Published online January 1, 2001.
Prognostic Value of Serum CA 125 Measurment during Chemotherapy for the Patients with Epithelial Ovarian Cancer.
Eung Seon Kim, Seon Ho Kim, Seon Kyung Lee, Seung Bo Kim
Department of Obstetrics and Gynecology, College of Medicine, Kyung Hee University, Seoul, Korea.
Serum CA 125 was measured during early chemotherapy in 34 patients from January, 1991 to December, 1994 with ovarian cancer to investigate if serial measurmemts of antigen level could be used as a prognostic parameter. Serum CA 125 was determined after the first, second, and third course of chemotherapy. There was significant correlation between high serum CA 125 levels(>35U/ml) after the third course of chemotherapy and advanced FIGO stage, large residual tumor volume after cytoreductive surgery, but there was no significant correlation with patient age, tumor differentiation, and hitologic type. And high serum level of CA 125 after the third course of chemotherapy was significantly correlate with poor response to chemotherapy(p<0.0001), but there was no significant correlation with the finding of second-look laparotomy. CA 125 was a significant parameter in all three courses of chemotherapy but its correlation with 5-year survival was improved with the number of courses of the chemotherapy.
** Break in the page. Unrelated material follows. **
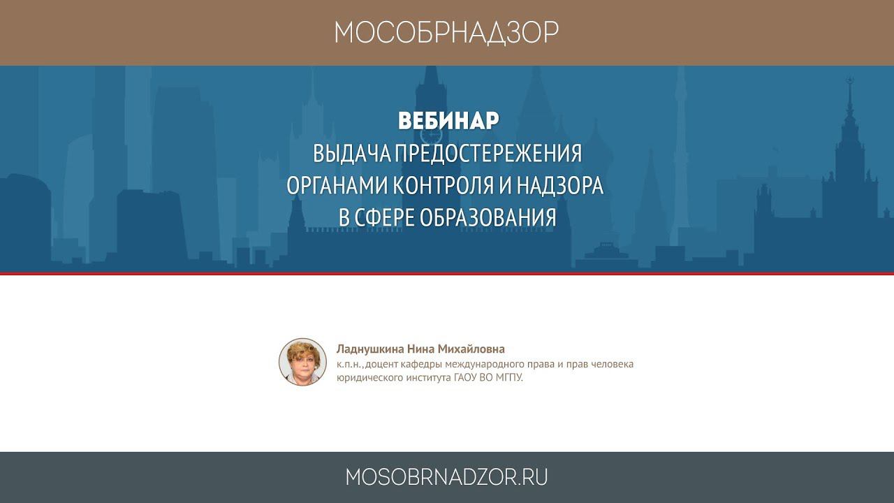 Вебинар «Выдача предостережения органами контроля и надзора в сфере образования» был проведен в рамках проекта Мособрнадзор.РФ 31 октября 2017 года. Ведущая вебинара - Ладнушкина Н.М. Страница вебинара на сайте проекта - http://mosobrnadzor.ru/supervision/webinars/2017-10-31_15-00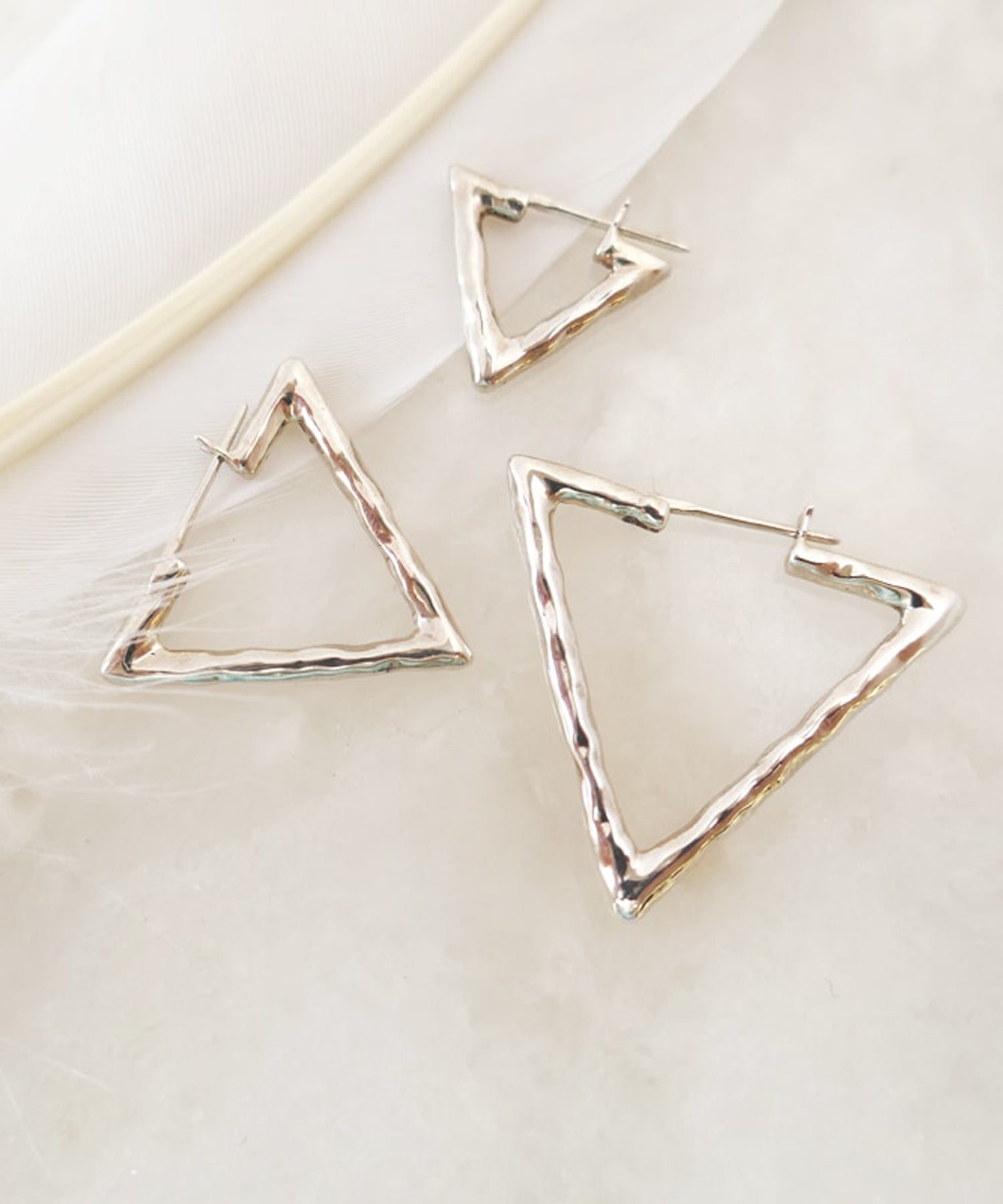 程よいテクスチャーがカジュアルな印象で使いやすいトライアングルフープピアス。

Patientswith high serum CA 125 level(>35U/ml) after the third course had a 0% 5-year survival. This should be compared with a 89.5% 5-year survival in patients who had serum CA 125 level of 35U/ml or less(p<0.0001). As a consequence of this study, chemotherapy of patients with high CA 125 levels after the third course may be discontinued and replaced by other chemotherapy or palliative therapy.